Hans Ree's My Chess: A Quick Review
Hans Ree, My Chess (Foreword by Jan Timman). Russell Enterprises, 2013. 240 pp. $24.95. Reviewed by Dennis Monokroussos
Hans Ree is a grandmaster, but this is not a chess book in the usual sense. The title, My Chess, is in its way doubly misleading: it isn't about his chess, in the sense of presenting any of his games - or anyone else's games, for that matter. That's the "Chess" part, and the "My" part doesn't fare much better if one takes this to be a summary of is chess career or even a traditional autobiography. This very enjoyable book comprises a series of essays, presented in alphabetical order from "A6648" (about an anonymous player on the Internet Chess Player who has played more than 580,000 games there - a staggering figure!) to "Berry Withuis" (a Dutch chess journalist and informal organizer), with a sort of afterword essay called "A Sunny Existence".
The essays are most diverse. Many are about great players in chess, both Dutch (e.g. Max Euwe, Jan Hein Donner and Jan Timman) and from the rest of the world (Viswanathan Anand, Magnus Carlsen and Bobby Fischer, for example, and there are joint entries for the earlier pairing of Mikhail Botvinnik and Vassily Smyslov and the later one of Garry Kasparov and Anatoly Karpov). There are entries for tournaments (the Lost Boys events), places (Venice), figures from literature (Vladimir Nabokov), art (Marcel Duchamp - who was also a chess master) and music (John Cage). Not unexpectedly, especially for someone from Ree's era, there's an entry for alcohol, and in tribute to Nikolai Gogol and the Russian organ for intuition, Ree has an essay on The Nose.
You will learn nothing here about how to become a better chess player, but it's a wonderful book that opens up the human side of the game from all sorts of angles. For Dutch readers the book may be almost indispensable, but I would recommend to all chess players wherever they may be from.
One of the last essays in the book is called "Taxi", about a cab ride he took in Rotterdam on his way to a chess tournament.

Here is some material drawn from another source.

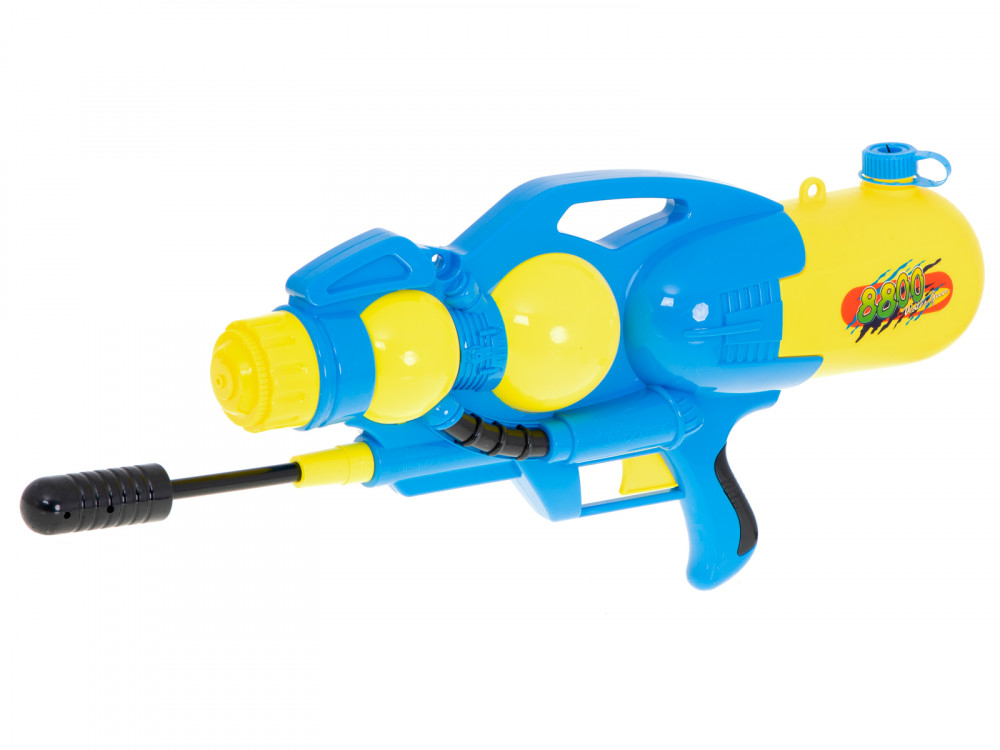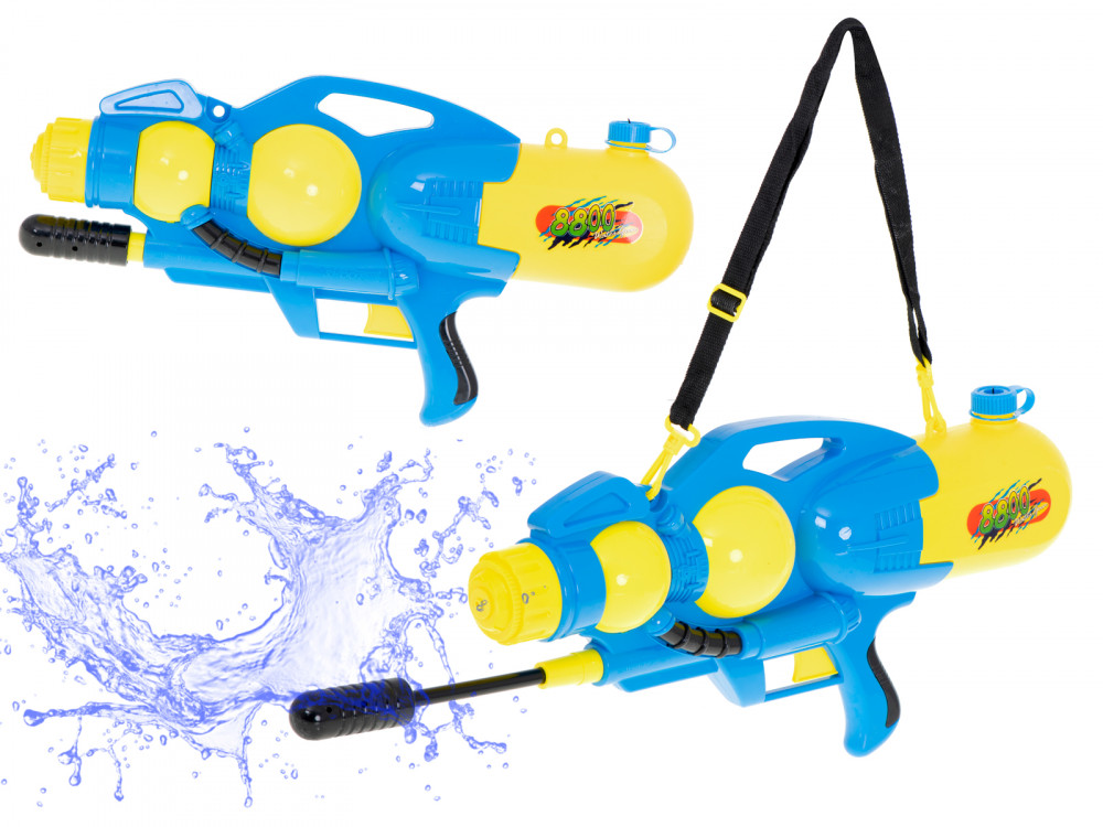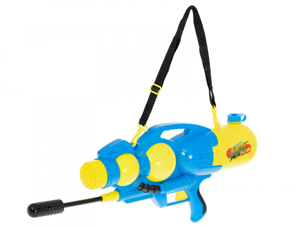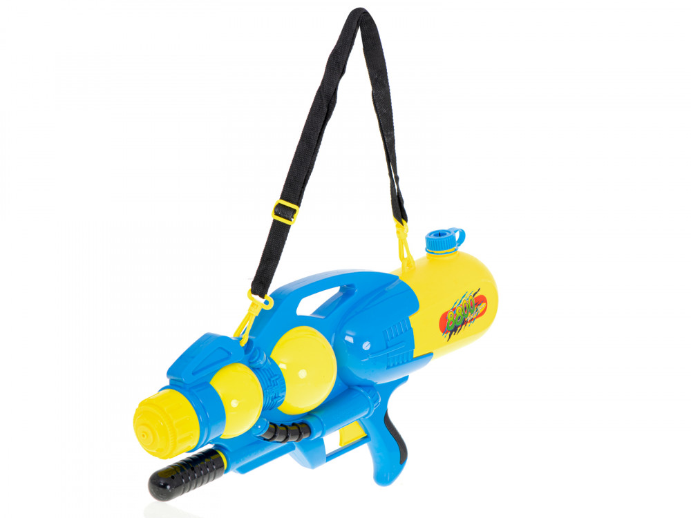 Szenzációs vízipisztoly. Tökéletes a fiatal vízipisztoly-szakértők számára. Fejleszti a kézügyességet és mozgásra ösztönzi a gyermeket. Vállpánttal van ellátva a könnyű szállítás érdekében. Szín: kék. Kapacitás: 24,000ml. A fegyver méretei: 60x32cm.

The driver was not a chess player, but had a romantic perception of the grandeur of chess tournaments and the lives of professional players. Ree corrected his misconceptions along the trip, and then realized to his dismay what he had done:
After this the cab driver lapsed into silence, and I realized what I had done with my cursed pedantry. Here was someone who knew nothing about chess, but had accidentally picked up some interest in it. He had thought that the cream of the Dutch chess world needed bodyguards to protect them against hordes of fanatical fans, and that rich chess fans would fight to get their hands on one of the exorbitantly priced entry tickets. And I had shattered is illusion and robbed chess of its magic by telling him the banal truth.
I don't think that if his cab driver picked up the book, he would reach the same level of enchantment he had before his encounter with Ree the passenger. If he reads My Chess and encounters Ree the writer, however, he will see that the world of chess is a treasure in its own right, worthy of entry not for its external rewards but for its internal riches.
Reader Comments (1)
Thx for the review! Is anything said about whether the book is (maybe partly) a collection of Ree's column in "New in Chess" as often done? Or is it so far unpublished material?
[DM: As far as I know the material is previously unpublished.]